By Fintel. Originally published at ValueWalk.
Activist RPD Fund Management, on June 2, unveiled plans to shake up Groupon Inc (NASDAQ:GRPN), saying it has built its stake to just under ten percent and will initiate talks with the company.
RPD, based in New York and run by Ahmet Okumus, has owned shares, which it said are worth about $56 million, but on Wednesday, the firm changed its previous 13G, passive holding filing in favor of the 13D activist filing.
Groupon and subsidiaries operate a marketplace connecting consumers to merchants. It operates in two segments, North America and International. The company sells goods or services on behalf of third-party merchants; and first-party goods inventory.
RPD’s Activist Position In Groupon
The fund said it’s talked to the company about becoming more involved in strategic decisions at the firm, and it “anticipates having further discussions with officers and directors of Groupon.
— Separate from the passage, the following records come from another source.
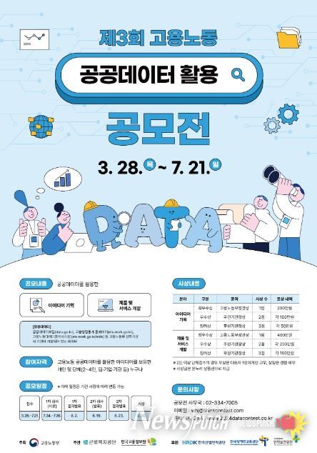 뉴스펀치 장은영 기자 | 한국고용정보원(원장 김영중)과 근로복지공단(이사장 박종길)은 3월28일부터 '제3회 고용노동 공공데이터 활용 아이디어 공모전'을 공동으로 개최한다고 밝혔다.
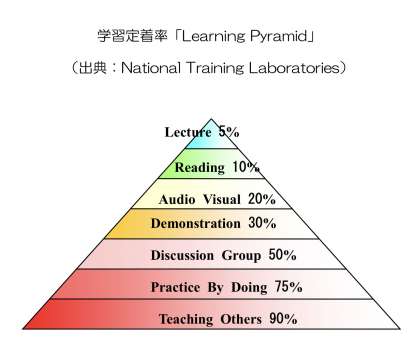 それぞれの学び方がピラミッド上に記載されていますが、一番定着率の良い学習方法は、自分の理解したことを、他の人に教えることなのですね。
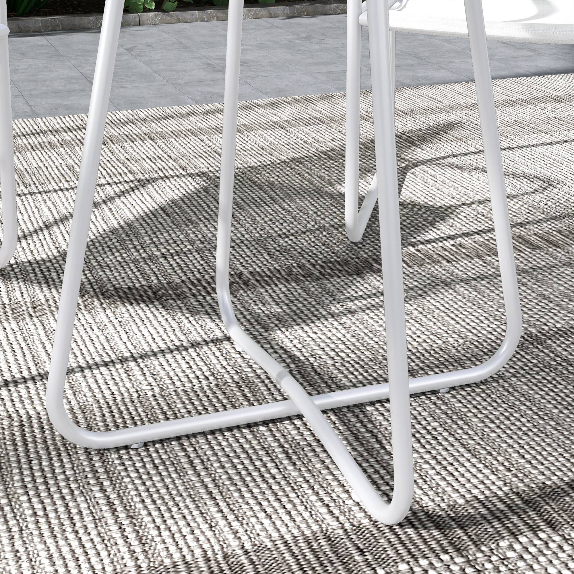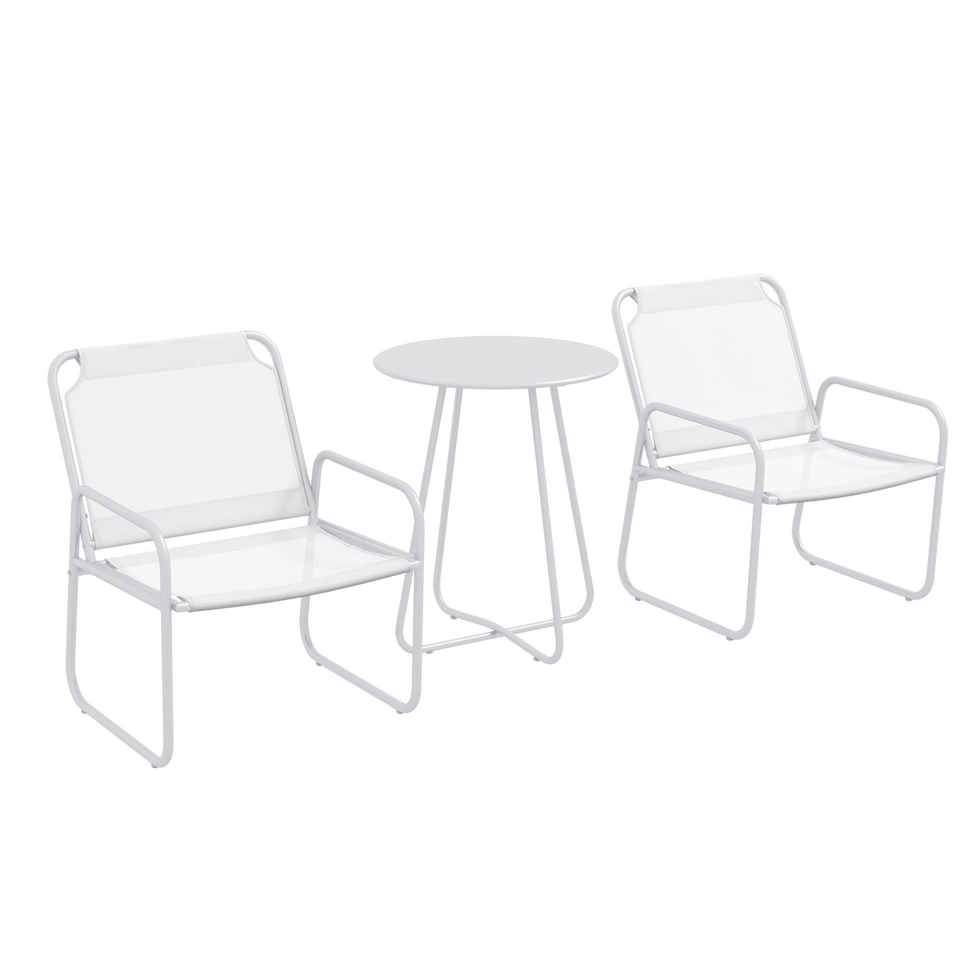 Outsunny Gartenmöbel Set – 1 runder Tisch und 2 Terrassenstühle mit Stahlrahmen, Armlehnen und verstellbaren Fußpolstern – Weiß
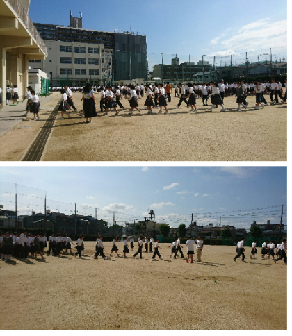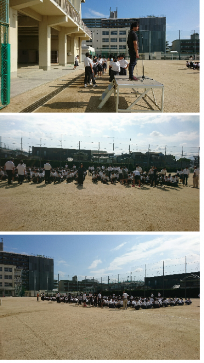 には全校生徒が整列できている状況です。(まだまだ遅れてくる生徒も
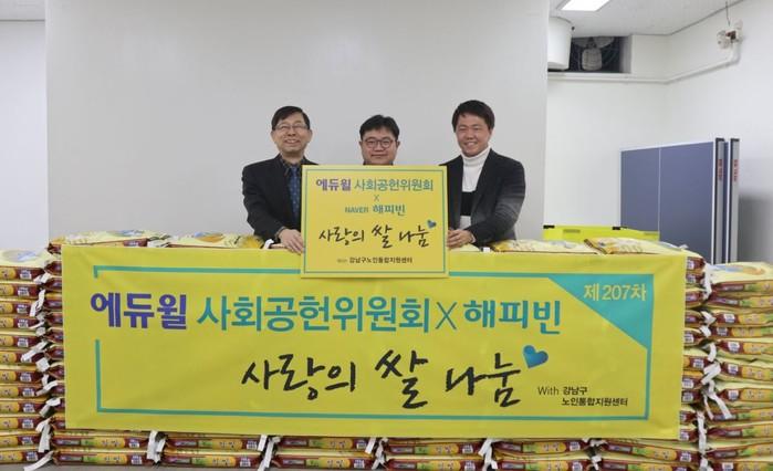 올해 첫 활동은 ‘사랑의 쌀’ 나눔이었다. 에듀윌 사회공헌위원회는 지난 1월 사랑의 쌀 100포대를 강남구 노인통합지원센터에 기증했다.
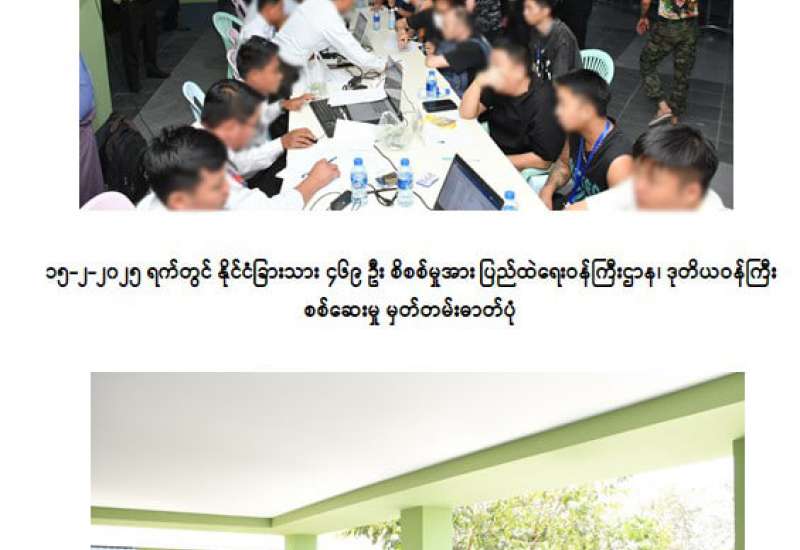 နိုင်ငံတော်အစိုးရအနေဖြင့် နယ်စပ်ဒေသများ၌ လက်ရှိဖြစ်ပေါ်နေသည့် အခြေအနေများအပေါ် အခွင့်ကောင်းယူ၍ ပြည်ပနိုင်ငံသား အချို့အနေဖြင့် EAO လက်နက်ကိုင်အဖွဲ့များအပါအဝင် ဆက်စပ်နေရာများမှ ကိုယ်ကျိုးစီးပွားရှာသူများ၏ ပါဝင်ပတ်သက်မှုများဖြင့် အွန်လိုင်းလိမ်လည်မှုများ၊ အွန်လိုင်းလောင်းကစားမှုများတွင် ပါဝင်ဆောင်ရွက်နေသူများ၊ တရားမဝင် ဝင်ရောက်နေထိုင်သူများအား ရှာဖွေစိစစ်ဖော်ထုတ်ခြင်းနှင့် ပြန်လည်လွှဲပြောင်းခြင်းလုပ်ငန်းစဉ်ကို အလေးထားဆောင်ရွက်လျက်ရှိသည်။
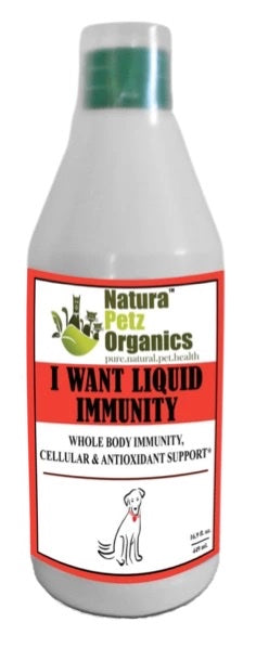 I Want Liquid Immunity is used holistically to help support healthy immune function; may help address colds and flu in dogs and cats; may help address bacterial and viral infections due to its strongly antioxidant, primary anti-mutagenic, anti-viral, anti-bacterial and anti-septic natural plant chemicals; and may help correct abnormal cell growth and standardize normal cell operation; may help reduce catabolic waste; may help protect your pet's DNA from cellular mutations; may help promote T cell and macrophage response; may help swelling caused by injury, allergenic response and damage to smooth muscles and connective tissues in esophagus and stomach tissue lining.
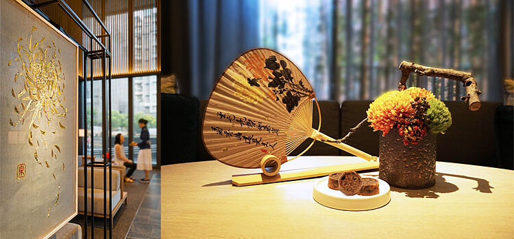 秋天的使者-菊,在大自然中绽放清幽,顯得格外金黃閃耀,下過雨後,金色菊瓣緩緩飄落,呈現浪漫的雨天情懷,晶泉丰旅結合台灣現代刺繡藝術家-黃莉莉,將在酒店大廳呈現菊瓣飛舞的刺繡菊,透過落地窗灑進的陽光,金黃閃耀的菊更加耀眼吸睛。
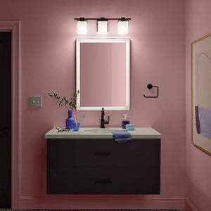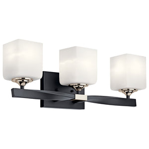 Blanchette 23" Three Lights Vanity Light, Satin Etched Cased Opal Glass / Black
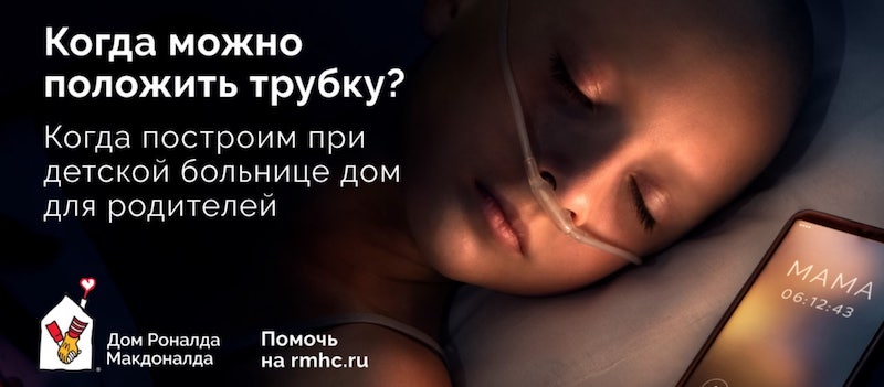 Благотворительный Фонд «Дом Роналда Макдоналда» реализует кампанию «Когда можно положить трубку?», которая помогает осветить проблему разлучения родителей с детьми, проходящими длительное лечение в больницах. Многолетний опыт, накопленный Фондом в этом направлении, может помочь решить эту проблему во всех регионах России.

These conversations may cover a range of issues, including the Issuer’s business, management, board composition, investor communications, operations, capital allocation, dividend policy, financial condition, overall business strategy, executive compensation and corporate governance,” the filing said. It added that RPD may discuss its plans with other investors and could partner with them.
Groupon did not comment on the filing, but investors shouldn’t have to wait long for feedback from the company. Kedar Deshpande, its CEO and Damien Schmitz, its interim CFO, will present at the Baird Global Consumer, Technology & Services Conference on June 7 at 3:45 pm ET.
According to Fintel research, 23% of Groupon’s share float was bought by insiders in the last 90 days, placing the company at the fourteenth spot out of 164,214 companies searched. Rank is determined by the number of shares purchased by insiders minus the total number of shares sold by insiders in the last 90 days, divided by the total float and multiplied by 100.
RPD’s switch to an activist filing follows the company’s weak May ten financial results for the first quarter. Groupon posted an 80 cents per share non-GAAP loss, almost double analysts’ consensus 46 cents a share loss, and well behind a year ago’s profit for the same period.
The company also said revenues of $153.3 million missed analysts’ target by about seven percent and fell 42% versus a year ago.
North America revenues fell by a quarter versus a year ago. International revenues fell 63%, aggravated by a strong dollar.
Groupon ended the first quarter, with $403 million, in cash and equivalents on its balance sheet, down from $498.7 million as yearend 2021.
The company reported a free cash outflow of $91.1 million compared to $19.2 million of free cash flow reported in the previous quarter.
Groupon’s annual meeting is scheduled for June 15.
“Our updated guidance reflects a more muted recovery outlook than our prior guidance given what we’ve observed year-to-date. At the low end of our guidance range, we assume local recovery rates in the back half of the year, improving modestly versus current recovery levels. At the high end of our range, we assume local recovery rates in the back half of the year and more in line with the second half of 2021. Remember that our financial guidance for the year does not include any benefit from our new growth initiatives,” Schmitz noted in a May earnings call with investors.
After the call, five analysts covering Groupon cut their earnings and revenue estimates.
The new consensus from Groupon’s five analysts is for revenues of $692 million in 2022, a nearly 20% drop from 2021 numbers. The latest per-share prognostication is a loss of 74 cents in 2022. Previously, those analysts expected revenues of $841 million and earnings per share of 53 cents in 2022.